J Clin Psychiatry 2003;64(suppl 18):14-19

Newer antidepressants are generally as efficacious as but often have fewer side effects than their predecessors such as the tricyclic antidepressants and monoamine oxidase inhibitors. These newer antidepressants include the selective serotonin reuptake inhibitors (SSRIs) citalopram, escitalopram, fluoxetine, fluvoxamine, paroxetine, and sertraline; venlafaxine, a serotonin-norepinephrine reuptake inhibitor; and bupropion, a selective norepinephrine and dopamine reuptake inhibitor. Most of these antidepressants have half-lives that enable them to be administered as infrequently as 1 to 3 times per day. To further improve upon the ease of use, controlled-release formulations of bupropion, fluoxetine, paroxetine, and venlafaxine have been manufactured. Potential pharmacokinetic advantages of these formulations include lower peak plasma drug concentrations and smaller fluctuations between peak and trough plasma drug concentrations, which might influence the tolerability of these medications. Tolerability advantages seen with some of these medications include diminished nausea.
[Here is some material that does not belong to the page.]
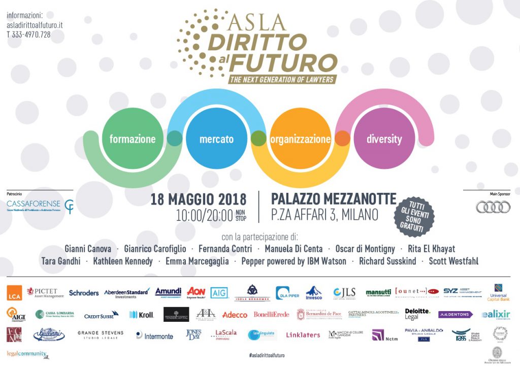 SAVE THE DATE 18 MAGGIO 2018 Asla Associazione Studi Legali Associati, organizza DIRITTO AL FUTURO, l’evento più sensazionale dell’anno, che si terrà venerdì 18 maggio 2018, presso Palazzo Mezzanotte – sede della Borsa Italiana. Le quattro grandi aree dell’evento sono: Organizzazione, Formazione, Mercato e Diversity. Maggiori info qui Siamo davvero orgogliosi di essere tra gli […]
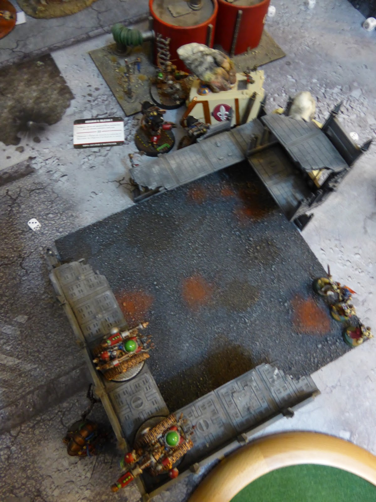 Con las bajas sufridas el turno anterior el Mechanicum tenía muy poco margen de maniobra. Los Kastellan entraron en las ruinas para acabar con la escuadra táctica de una vez por todas mientras el Balistarii superviviente se escondía entre los restos de los vehículos enemigos. En su quinto turno el Mehcnicum solo pudo hacerse con 1 PV por

The 3 controlled-release agents that are designed to be taken daily—bupropion, paroxetine, and venlafaxine—are associated with lower incidences of nausea overall and nausea leading to treatment discontinuation than are their immediate-release formulations. However, the rates of nausea are similar with both formulations of fluoxetine, despite higher peak plasma drug concentrations and greater fluctuation between peak and trough plasma drug concentrations with fluoxetine weekly than with fluoxetine daily. Although the connection has not been proven, more stable pharmacokinetic profiles might be the cause for the low occurrence of nausea with some controlled-release newer antidepressants.